A series of arecoline bioisosteres, where the ester group is replaced by a 1,2,3-triazole-4-yl or a tetrazole-5-yl group, was synthesized and evaluated in vitro for affinity and efficacy at muscarinic receptors and in vivo for cholinergic side effects. The corresponding piperidine derivatives were also studied. In the 1,2,3,6-tetrahydropyridyl-1,2,3-triazole series, only derivatives with 2-substituents in the 1,2,3-triazole ring exert muscarinic agonist activity. The same trend is seen in the corresponding tetrazole series, where only 2-substituted derivatives display muscarinic agonist activity. The methyl derivatives in both series are full agonists, whereas the derivatives with longer side chains are partial agonists. Introduction of methyl substituents in the 1,2,3,6-tetrahydropyridine ring generally lowers affinity considerably except for the 3-substituted derivatives, where some activity is retained. In both the 1,2,3-triazole and tetrazole series, derivatives without substituents at the basic nitrogen in the 1,2,3,6-tetrahydropyridine ring are unselective full agonists, whereas the methyl-substituted derivatives generally are more M1 selective compared to M2. Larger substituents than methyl abolish activity. The 4-(3-piperidyl)-1,2,3-triazole and 5-(3-piperidyl)-2H-tetrazole derivatives are generally less active than the corresponding 1,2,3,6-tetrahydropyridine derivatives, and only the 2-allyl- and 2-propargyl-1,2,3-triazole derivatives display activities comparable to the most active compounds in the 1,2,3,6-tetrahydropyridine series. The propargyl derivative is an unselective full agonist, and resolution did not reveal any stereoselectivity The allyl derivative is a partial agonist with some selectivity for the M1 receptor, and testing of the enantiomers showed that the (+)-enantiomer is an unselective partial agonist, whereas the (-)-enantiomer is a partial agonist with preference for the M1 receptor. Generally, the structure-activity relationships of the 1,2,3-triazole and tetrazole series are very similar, and two compounds, 2-ethyl-4-(1-methyl-1,2,3,6-tetrahydro-5-pyridyl)-1,2,3-triazole and 2-ethyl-5-(1-methyl-1,2,3,6-tetrahydro-5-pyridyl)-2H-tetrazole, are M1 agonists/M2 antagonists. Muscarinic compounds with this profile are of particular interest as drugs for the treatment of Alzheimer's disease.

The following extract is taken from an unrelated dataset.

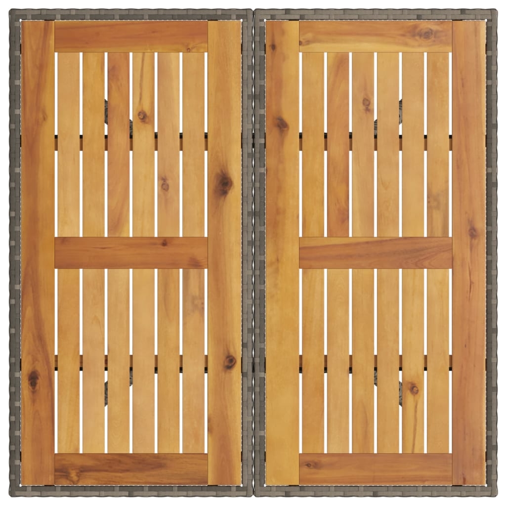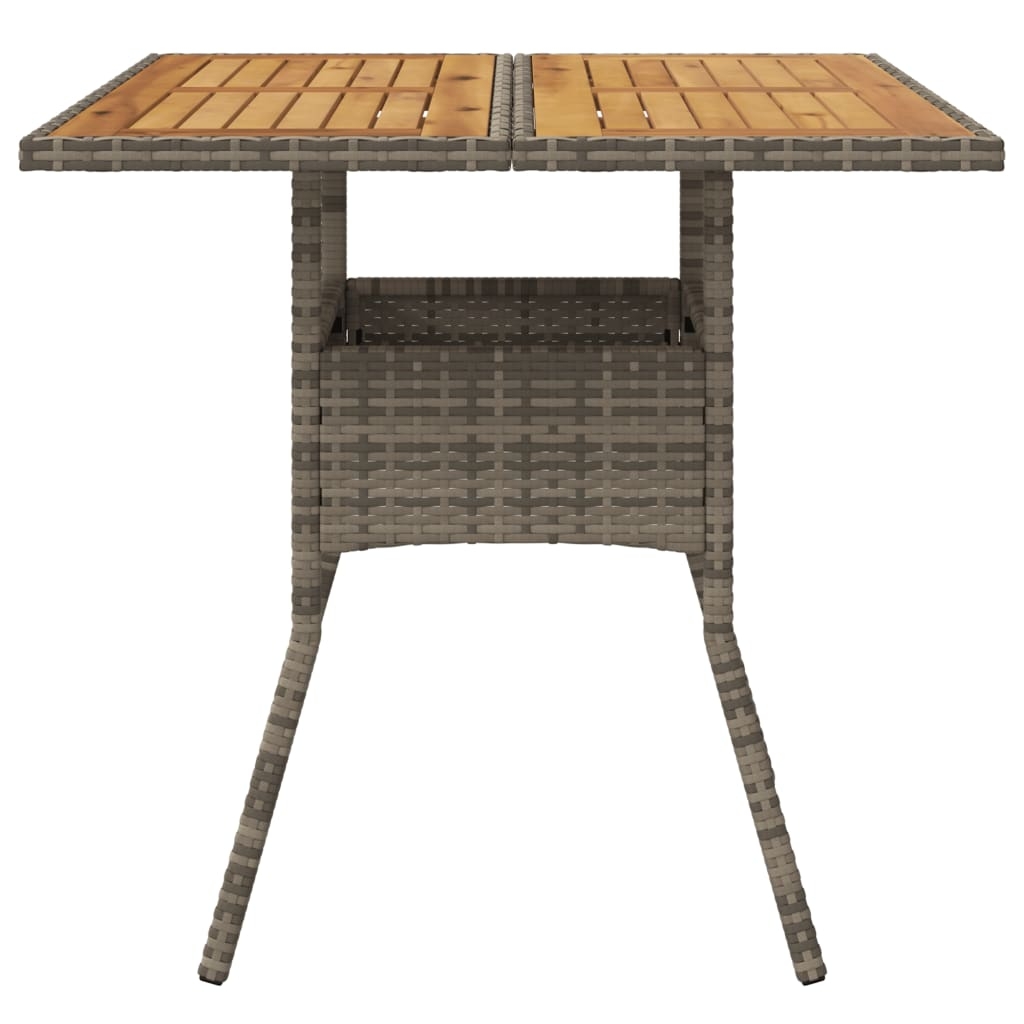 Mit seinen klaren Linien und seinem schlichten Design ist dieser Gartentisch mit Holzplatte eine ausgezeichnete Wahl für deinen Garten, deine Terrasse und andere Außenbereiche. Langlebiges Material: PE-Rattan, auch als Poly Rattan bekannt, ist ein robustes, pflegeleichtes synthetisches Material, das die Optik von natürlichem Rattan aufweist. Es kennzeichnet sich durch ein geringes Eigengewicht und lässt sich einfach reinigen. Aufgrund seiner Haltbarkeit und Witterungsbeständigkeit wird es häufig bei der Herstellung von Gartenmöbeln verwendet.Stabile und pflegeleichte Tischplatte: Dieser Gartentisch besitzt eine Tischplatte aus Akazienholz, die robust und langlebig ist und sich leicht mit einem feuchten Tuch reinigen lässt.Robuster und stabiler Rahmen: Dank des pulverbeschichteten Stahlrahmens ist das Möbelstück robust, stabil und für den täglichen Einsatz im Außenbereich geeignet. Gut zu wissen:Wir empfehlen dir, deine Gartenmöbel mit einer wasserdichten Hülle zu schützen, um lange Zeit eine ansprechende Optik aufzuweisen.

合成了一系列槟榔碱生物电子等排体,其中酯基被1,2,3 - 三唑 - 4 - 基或四唑 - 5 - 基取代,并在体外评估了其对毒蕈碱受体的亲和力和效力,在体内评估了其胆碱能副作用。还研究了相应的哌啶衍生物。在1,2,3,6 - 四氢吡啶基 - 1,2,3 - 三唑系列中,只有1,2,3 - 三唑环上有2 - 取代基的衍生物具有毒蕈碱激动剂活性。在相应的四唑系列中也观察到相同的趋势,只有2 - 取代衍生物显示出毒蕈碱激动剂活性。两个系列中的甲基衍生物都是完全激动剂,而侧链较长的衍生物是部分激动剂。在1,2,3,6 - 四氢吡啶环中引入甲基取代基通常会显著降低亲和力,但3 - 取代衍生物除外,其仍保留一些活性。在1,2,3 - 三唑和四唑系列中,1,2,3,6 - 四氢吡啶环上碱性氮无取代基的衍生物是无选择性的完全激动剂,而甲基取代衍生物通常比M2对M1更具选择性。比甲基更大的取代基会消除活性。4 - (3 - 哌啶基) - 1,2,3 - 三唑和5 - (3 - 哌啶基) - 2H - 四唑衍生物通常比相应的1,2,3,6 - 四氢吡啶衍生物活性更低,只有2 - 烯丙基 - 和2 - 炔丙基 - 1,2,3 - 三唑衍生物显示出与1,2,3,6 - 四氢吡啶系列中最具活性的化合物相当的活性。炔丙基衍生物是无选择性的完全激动剂,拆分未显示任何立体选择性。烯丙基衍生物是对M1受体有一定选择性的部分激动剂,对映体测试表明( + ) - 对映体是无选择性的部分激动剂,而( - ) - 对映体是对M1受体有偏好的部分激动剂。一般来说,1,2,3 - 三唑和四唑系列的构效关系非常相似,两种化合物,2 - 乙基 - 4 - (1 - 甲基 - 1,2,3,6 - 四氢 - 5 - 吡啶基) - 1,2,3 - 三唑和2 - 乙基 - 5 - (1 - 甲基 - 1,2,3,6 - 四氢 - 5 - 吡啶基) - 2H - 四唑,是M1激动剂/M2拮抗剂。具有这种特征的毒蕈碱化合物作为治疗阿尔茨海默病的药物特别受关注。